● LISTED ENTRIES:
[Start of Attachment]

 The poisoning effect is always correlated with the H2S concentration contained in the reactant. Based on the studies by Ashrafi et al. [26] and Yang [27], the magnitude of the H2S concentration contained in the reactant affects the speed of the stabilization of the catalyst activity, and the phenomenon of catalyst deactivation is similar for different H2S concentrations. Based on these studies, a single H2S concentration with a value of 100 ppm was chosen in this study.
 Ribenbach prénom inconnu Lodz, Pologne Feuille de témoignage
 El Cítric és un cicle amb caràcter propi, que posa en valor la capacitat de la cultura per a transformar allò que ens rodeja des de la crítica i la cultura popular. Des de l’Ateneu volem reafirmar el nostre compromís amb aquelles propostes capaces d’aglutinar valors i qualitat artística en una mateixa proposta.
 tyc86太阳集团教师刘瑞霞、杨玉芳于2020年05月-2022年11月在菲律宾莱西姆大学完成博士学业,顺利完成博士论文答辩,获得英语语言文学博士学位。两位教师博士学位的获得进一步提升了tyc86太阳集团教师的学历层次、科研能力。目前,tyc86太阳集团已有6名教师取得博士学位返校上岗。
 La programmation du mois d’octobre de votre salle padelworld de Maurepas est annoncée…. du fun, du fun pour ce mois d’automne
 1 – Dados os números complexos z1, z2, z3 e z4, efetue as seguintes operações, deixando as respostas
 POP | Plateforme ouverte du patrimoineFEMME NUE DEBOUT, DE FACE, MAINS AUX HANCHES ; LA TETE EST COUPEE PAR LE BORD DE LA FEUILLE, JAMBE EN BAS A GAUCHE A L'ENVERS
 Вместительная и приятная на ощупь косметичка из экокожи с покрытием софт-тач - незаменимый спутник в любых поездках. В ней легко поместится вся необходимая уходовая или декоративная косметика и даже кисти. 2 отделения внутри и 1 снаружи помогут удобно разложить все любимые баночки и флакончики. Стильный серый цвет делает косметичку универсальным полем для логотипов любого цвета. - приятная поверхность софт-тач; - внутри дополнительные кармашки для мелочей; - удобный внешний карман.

[End of Attachment]
[Start of Attachment]

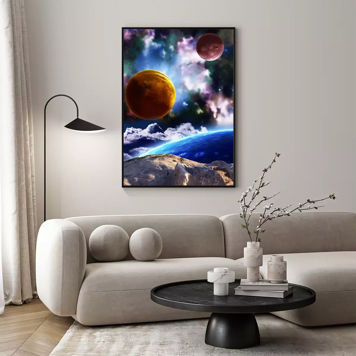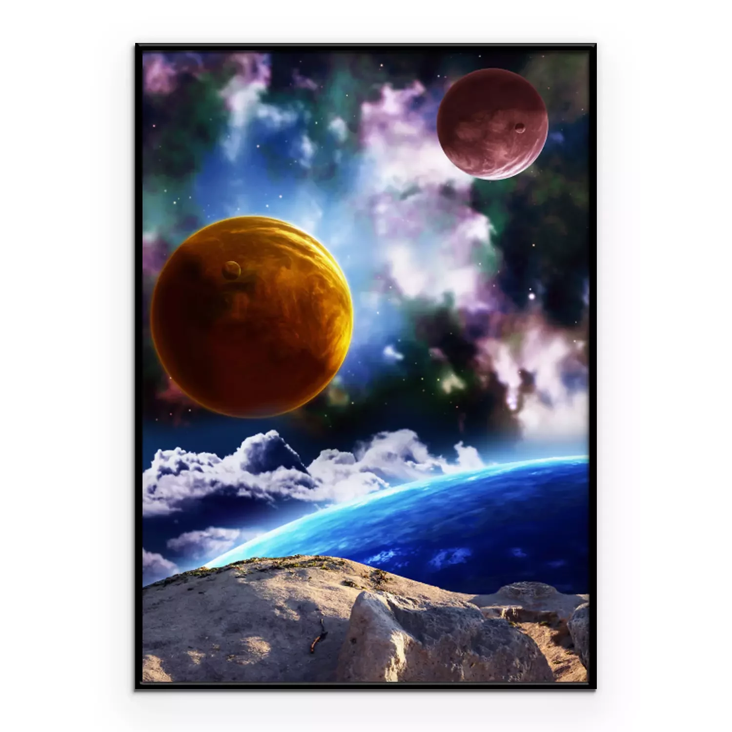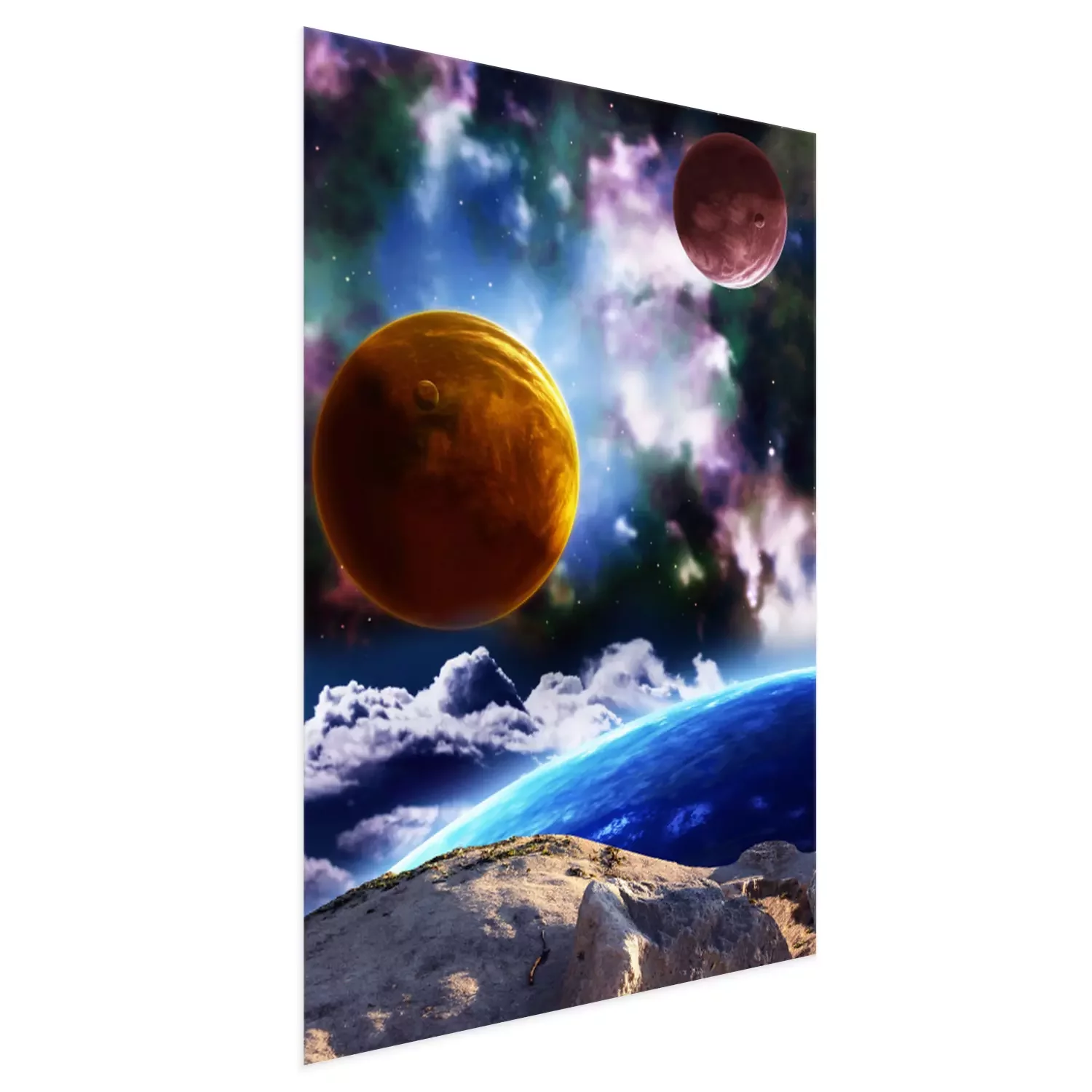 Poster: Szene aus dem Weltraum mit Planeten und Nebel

[End of Attachment]

● TRY IT:
Taking the records above, retype every line from the one with "1 – Dados os" down to the one with "POP | Plateforme", exactly and with nothing else.

● EXPECTED ANSWER:
 1 – Dados os números complexos z1, z2, z3 e z4, efetue as seguintes operações, deixando as respostas
 POP | Plateforme ouverte du patrimoineFEMME NUE DEBOUT, DE FACE, MAINS AUX HANCHES ; LA TETE EST COUPEE PAR LE BORD DE LA FEUILLE, JAMBE EN BAS A GAUCHE A L'ENVERS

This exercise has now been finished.